> _Your assignment_: Beginning with the line that contains "此次主题团日活动中,各团支部", print each line to the end of the data exactly. Omit the pictures.

> _Information provided_:
[Start of section]

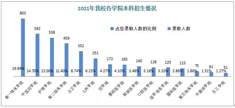 在專業(yè)分布上,學(xué)校共開設(shè)35個本科專業(yè):2021年臨床醫(yī)學(xué)(5+3)130人、臨床醫(yī)學(xué)(5+3兒科方向)50人、臨床醫(yī)學(xué)(五年制)541人、臨床醫(yī)學(xué)(中外合作辦學(xué))115人、兒科學(xué)201人、麻醉學(xué)171人、醫(yī)學(xué)影像學(xué)173人、精神醫(yī)學(xué)84人、護理學(xué)538人……
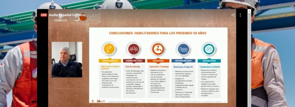 Dialogar en torno al proceso de transformación que está viviendo la minera estatal fue uno de los objetivos del webinar “Mejor gestión y desafÃos futuros, tras una década de la Ley de Gobierno Corporativo de Codelcoâ€, que se transmitió a través de las redes sociales de la Corporación.
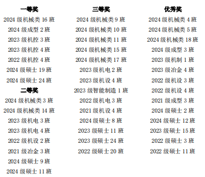此次主题团日活动中,各团支部积极参与,展现本班特色,带来了众多优秀作品。最后,经过我院评审,2024级机械类16班等7个团支部获得一等奖,2024级机械类3班等8个团支部获得二等奖,2024级机械类9班等14个团支部获得3等奖,2024级机械类4班等14个团支部获得优秀奖。
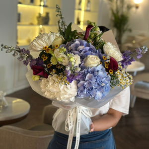 * Rose,Hydredia,Dhelfinium,Lisianthus,Tanacetum,Astromeria,Santini,Lotus

[End of section]

> _Answer to this task_:
此次主题团日活动中,各团支部积极参与,展现本班特色,带来了众多优秀作品。最后,经过我院评审,2024级机械类16班等7个团支部获得一等奖,2024级机械类3班等8个团支部获得二等奖,2024级机械类9班等14个团支部获得3等奖,2024级机械类4班等14个团支部获得优秀奖。
 * Rose,Hydredia,Dhelfinium,Lisianthus,Tanacetum,Astromeria,Santini,Lotus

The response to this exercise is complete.